German-American psychoanalyst and one of the first systematic critics of Freud from within the psychoanalytic movement itself. Horney trained in Berlin in the 1910s and 1920s, was among the early members of the Berlin Psychoanalytic Institute, and emigrated to the United States in 1932 — first to Chicago and then, decisively, to New York, where she became a central figure in the Americanization of psychoanalysis along cultural and interpersonal lines.
Her earliest break with orthodoxy concerned the psychology of women. In a series of papers written between 1923 and 1935 — later collected as Feminine Psychology (1967) — Horney challenged Freud's account of female development as constitutively deficient, arguing that what Freud read as biological "penis envy" was in most cases a reaction to social powerlessness, and introducing the complementary concept of male "womb envy" to expose the one-sidedness of the Freudian frame. The papers are among the first serious psychoanalytic contributions to what would later be called feminist theory.
Her mature theoretical work is The Neurotic Personality of Our Time (1937) and Neurosis and Human Growth (1950). Horney replaced the libidinal drive with basic anxiety — the child's felt insecurity in a potentially hostile world — and charted the three characteristic "neurotic trends" by which people cope: moving toward people (compliance), against people (aggression), and away from people (detachment). In the mature work she added her most original concept, the idealized self: the omnipotent, flawless self-image the neurotic constructs to escape the tension between real self and anxious situation, and to whose impossible demands (the "tyranny of the should") the person then becomes enslaved.

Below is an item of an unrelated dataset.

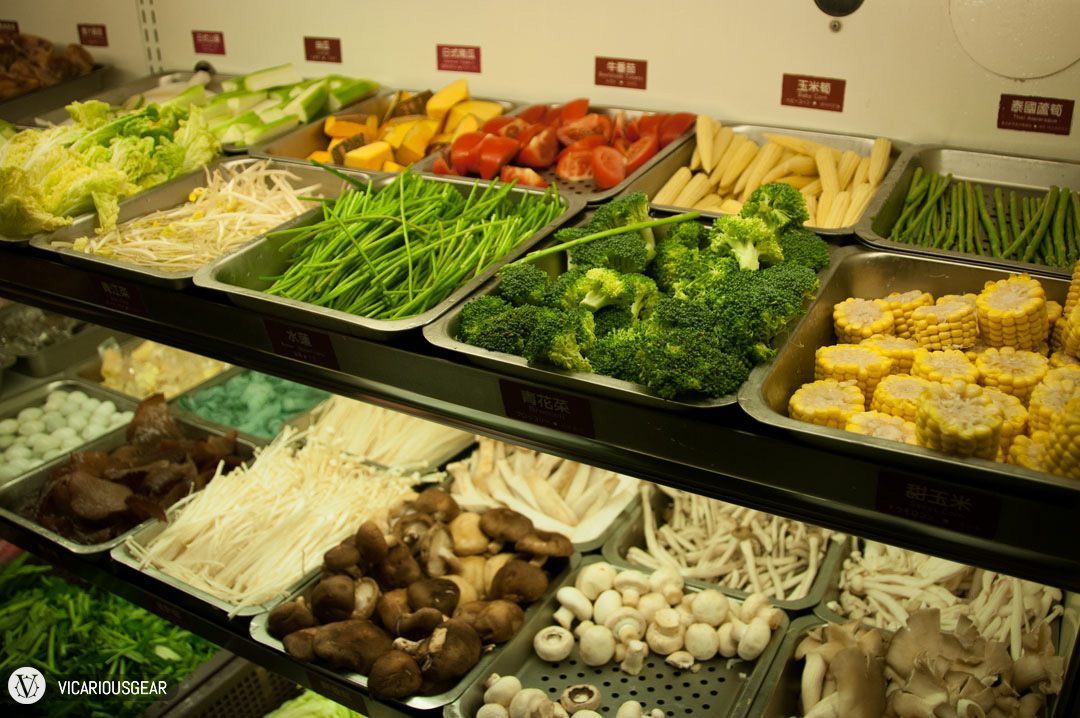 Shortly after our late lunch at Din Tai Fung, Mimi and I met up with our friend Gary who kindly booked a reservation at Mala Yuanyang Hotpot. Mala (马辣) is an all you can eat joint with a few choices in broth to cook your food in. We opted to go for a split pot of spicy (an herbal blend with a kick) and mild. The meat selection consisted of Black Angus beef, sirloin, lamb and chicken.

Horney was, with Harry Stack Sullivan, Erich Fromm, and Clara Thompson, one of the founders of the William Alanson White Institute — the American center of cultural and interpersonal psychoanalysis — and, later, of the American Institute for Psychoanalysis and the American Journal of Psychoanalysis. Her work prefigured much of later humanistic psychology and a good deal of object-relations theory without being formally part of either school.
Horney is on the graph because her revision of Freud's account of female psychology — against the "penis envy" doctrine, toward a socially shaped account of neurosis — opened the space in psychoanalysis that later feminist theorists occupied.